RESPs are registered education savings plans that permit savings to grow tax-free until the beneficiary is ready to go full-time to college, university, or any other eligible post-secondary educational institution. When the student begins to use the RESP for education, the income accumulated on the subscriber contributions and the grant as well as the grant itself become taxable. However, because the student typically has little other income, he or she effectively pays little or no tax on RESP income.

The Government of Canada has made Registered Education Savings Plans (RESPs) a clear choice for families wishing to save for their children's future education costs. There are several types of RESPs - Family, Non-Family, and Group Plans. You can consult with RESP promoters to decide which plan is right for you. Browse the most current list of financial institutions that are offering RESPs.

For more information, contact the Canada Customs and Revenue Agency (CCRA) web site.

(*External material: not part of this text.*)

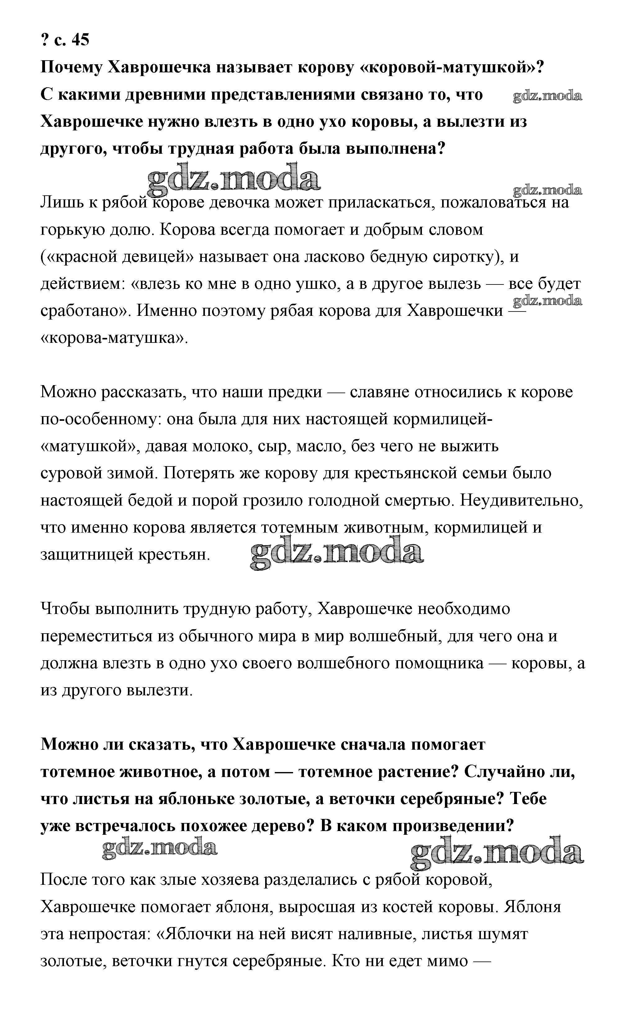 ОТВЕТ на задание № 45 Учебник по Литературе 4 класс Чуракова Перспективная начальная школа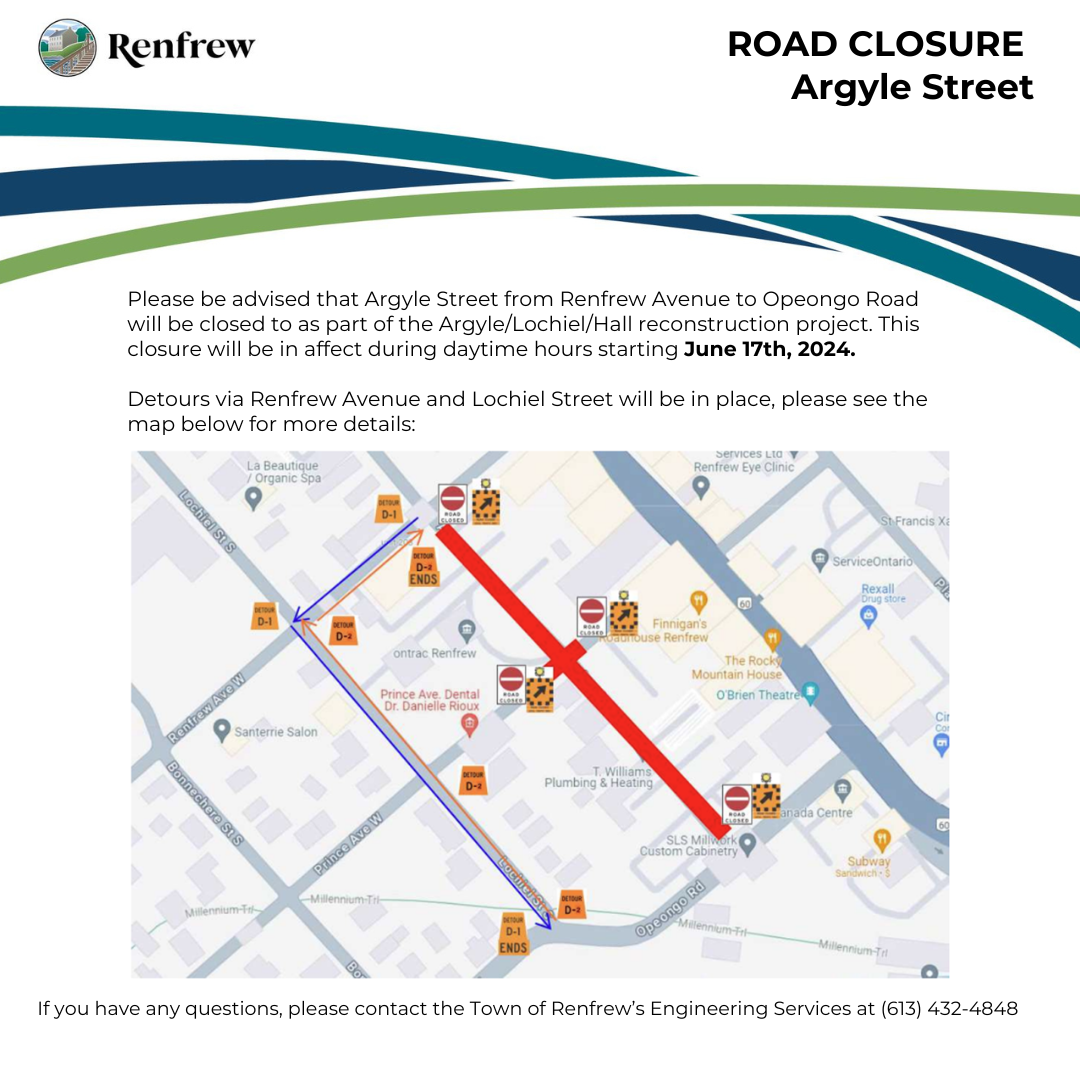 June 14, 2024 Argyle Street Road Closure Notice: Please be advised that Argyle Street from Renfrew Avenue to Opeongo Road will be closed.

Important Facts About Registered Education Savings Plans

  • Parents, grandparents, relatives or friends may put a combined total of $4,000 a year into RESPs in respect of a particular beneficiary;
  • Subscribers can contribute for up to 22 years after a non-family plan has been opened and up to the year in which the beneficiary turns 21 years of age in a family plan;
  • Contributions to all RESPs on behalf of a beneficiary are subject to a lifetime limit of $42,000;
  • Contributions made to an RESP are not tax deductible, and are not taxed when returned to the subscriber;
  • If the beneficiary does not go on to full-time studies, another beneficiary can be named (subject to the terms of the plan). However, in order to keep the CESG, the new beneficiary must be under 21 years of age and either the new beneficiary is a brother or sister of the former beneficiary or both the new and old beneficiaries are under 21 years of age and are related to the subscriber. RESPs also now permit the payment to the subscriber of Accumulated Income Payments (AIP), or the roll over of the income to a subscriber's or subscriber's spousal Registered Retirement Savings Plan, under certain conditions.
  • An RESP must be terminated by the end of the 26th year.